Purpose or Case Report: Within the last several years there have been updates and changes to the clinical terminology in epilepsy, as well as the histopathologic classification of hippocampal sclerosis and focal cortical dysplasia. The purpose of this exhibit is to review these changes and illustrate them with corresponding MR examples. Methods & Materials: This exhibit provides three updates:
1. Summary of recent changes to the terminology of epilepsy types that are commonly provided as an imaging indication. 2. An illustrated review of the new histopathology classification system for focal cortical dysplasia types I-III on pediatric MRI imaging. 3. An illustrated review of the new histopathology classification system for three hippocampal sclerosis subtypes using MRI imaging. Results: The new classification system of epilepsy eliminates neonatal seizures as a separate entity, simplifies abscence seizures, adds epileptic spasms, removes the distinction between focal seizures and adds myoclonic atonic seizures. The etiology of seizures is now classified as genetic, structural/metabolic and unknown etiology as opposed to idiopathic, symptomatic and cryptogenic. Other terminology that has changed includes the addition of self-limited, pharmacoresponsive, evolving to bilateral and focal seizures.

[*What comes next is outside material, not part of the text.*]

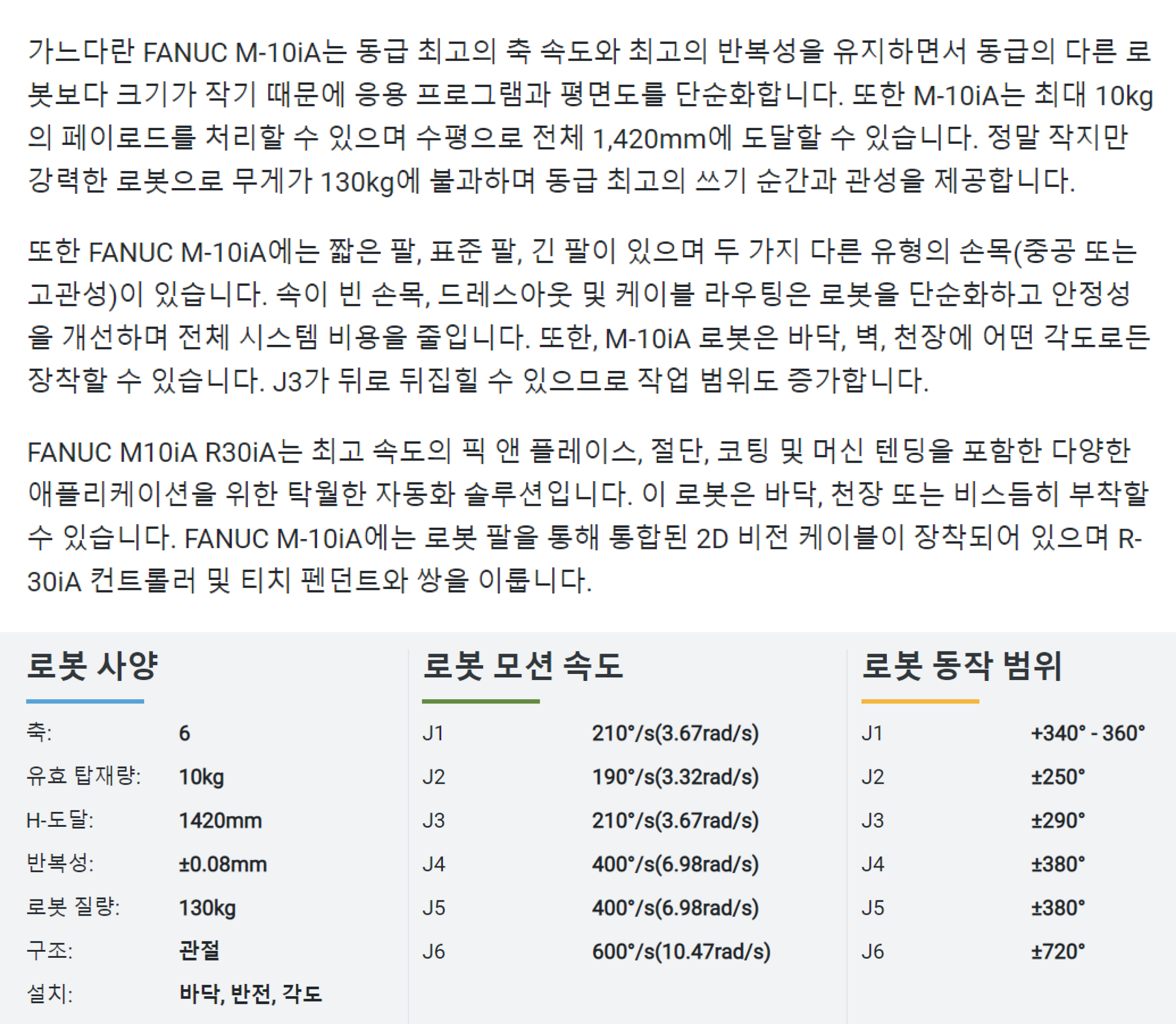 | 상품명(모델명) | FANUC M-10iA (Payload : 10kg, Reach : 1420mm) | ||

New to the focal cortical dysplasia classification is the addition of FCD type III which is subdivided into type type IIIa, IIIb, IIIc, and IIId as follows:
Type IIIa: FCD type II with hippocampal sclerosis. Type IIIb: FCD type II with a glial or glioneuronal tumor. Type IIIc: FCD type II with a vascular malformation. Type IIId: FCD type II with an acquired lesion.

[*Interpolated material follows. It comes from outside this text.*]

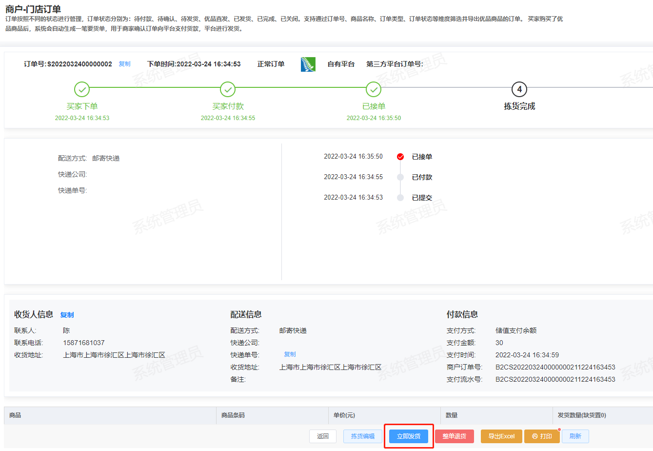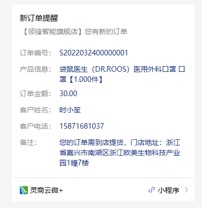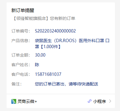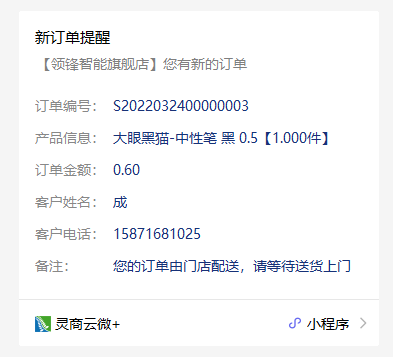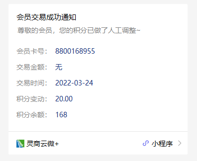 ## 发货通知:新订单提醒-邮寄快递 ### 使用场景 商城下快递配送订单,后台发货后,系统推送会员订单的新订单提醒消息。 #### 操作平台 下单:小程序商城 发货:后台-电商-商户-门店订单   ### 消息示例  ## 发货通知:新订单提醒-送货上门 ### 使用场景 商城下单,系统推送会员订单的新订单提醒消息。  ### 消息示例  ## 发货通知:新订单提醒-门店自提 ### 使用场景 当您在商城下单并付款后,系统自动确认发货(非拣货模式),自动推送会员订单的新订单提醒消息。 #### 操作平台 下单:小程序商城  ### 消息示例  ##### 拓展阅读 ## 交易及积分通知:会员交易成功通知-积分账户变动 ### 使用场景 后台按会员调整积分,并确认审核后,系统将推送积分更新的会员交易成功通知消息。 #### 操作平台 更新积分:后台-会员-积分帐户调整  ### 消息示例  #### 拓展阅读

Also new, are the subtypes of hippocampal sclerosis. Type 1 is the classic hippocampal sclerosis associated with diffuse segmental volume loss of the hippocampus. Type 2 is when cell loss is isolated to the CA1 segment. Type 3 is when the cell loss is isolated to the dentate gyrus and CA4 segment. Conclusions: At the end of the exhibit, the viewer will be familiar with the new histopathologic and clinical epilepsy classification system and will be able to classify brain MRI findings in pediatric epilepsy patients according to these classifications.